Welcome back, Cain's
By John Wooley World Scene Writer
Published: 10/2/2003

Renovated ballroom swings back in time -- to the future

       A little after 6:30 p.m. on Wednesday, Rosetta Wills and her daughter Renee Diamond helped Tulsa Mayor Bill LaFortune and other dignitaries cut the ribbon on the House that Bob Built. Hereafter, it'll also be known as the House that Dr. Jim Rodgers Rebuilt. "I knew with a little bit of love and a little bit of money, we could make it last for 80 more years," the Cain's new owner told a cheering crowd. "We wanted to keep the important parts, and make it safer and bigger."
       After all of that, it was time for the huge crowd to go in. And what they saw was something out of a fantasy, albeit a good one. It may have struck some as a Cain's Ballroom from an alternate dimension, a venue that's existed side by side with the old Cain's for years, a honky-tonk out of time, containing all the same things but slightly different -- and better. "I'm so thrilled about this," said Wills, looking at the high wooden roof, restored from the drop-ceilinged look the Cain's has had for years. "It's amazing. It looks three to four times bigger, because they raised the ceilings. And I love the way they hung the artwork."
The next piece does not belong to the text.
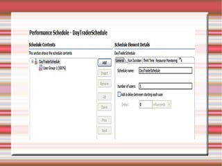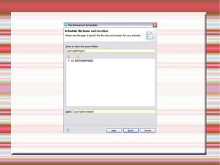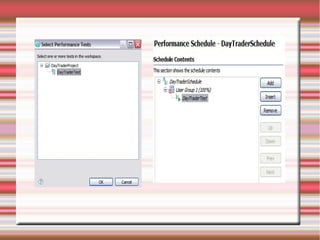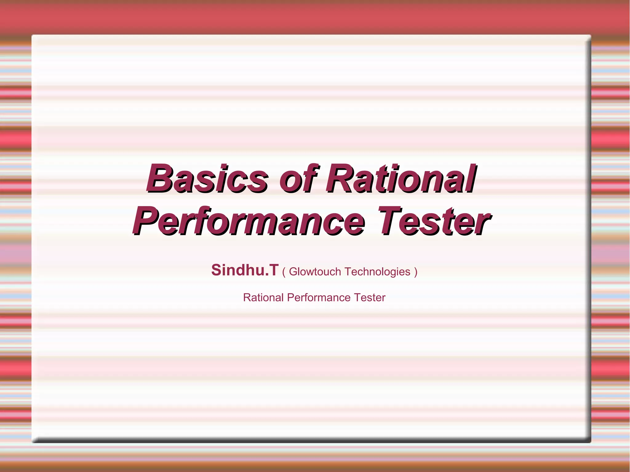 The document outlines the basics of Rational Performance Tester, emphasizing goals such as response time, scalability, and system reliability. It details the testing process, including project setup, scripting, correlation, and creating and using datapools for varied test data. Additionally, it highlights verification points for error detection and how to execute performance scripts effectively.
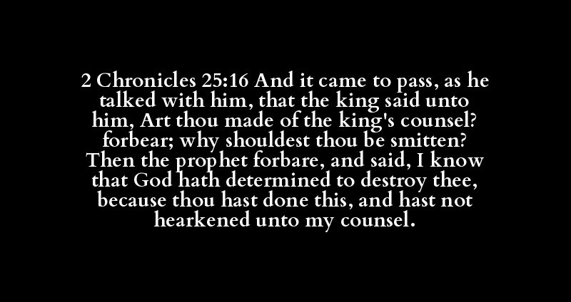 2 Chronicles 25:16 And it came to pass, as he talked with him, that the king said unto him, Art thou made of the king's counsel? forbear; why shouldest thou be smitten? Then the prophet forbare, and said, I know that God hath determined to destroy thee, because thou hast done this, and hast not hearkened unto my counsel.

       Then there was the clock. The old clock from KFMJ radio used to hang just above the entrance rather than behind the bar, where it is now. And Don White liked it in its old location. "I don't think I can see it from the stage anymore," said the singer-songwriter-guitarist, just before taking the stage to open for Yoakam. "I could always look up there and see how much time I had left." Three songs into his solo set, however, he shouted, "Hey, I can see the clock." He seemed pretty happy about it.
       For the record, the first thing a performer said on the new stage was, "It's a hell of a deal, isn't it?" That was White, and he also did the first song on that stage, his self-penned "No Place Like the Cain's." He was joined at the end of his 45-minute set by his son Steve White, but not before presenting a nice solo set that included lots of Oklahoma songs, from a neat and unexpected cover of the Tractors' "Baby Likes to Rock It" to a soulful "Never Been to Spain." He and Steve were especially impressive together on J.J. Cale's "Magnolia," which meandered over a groove -- like many other songs in his set -- in classic Tulsa Sound fashion.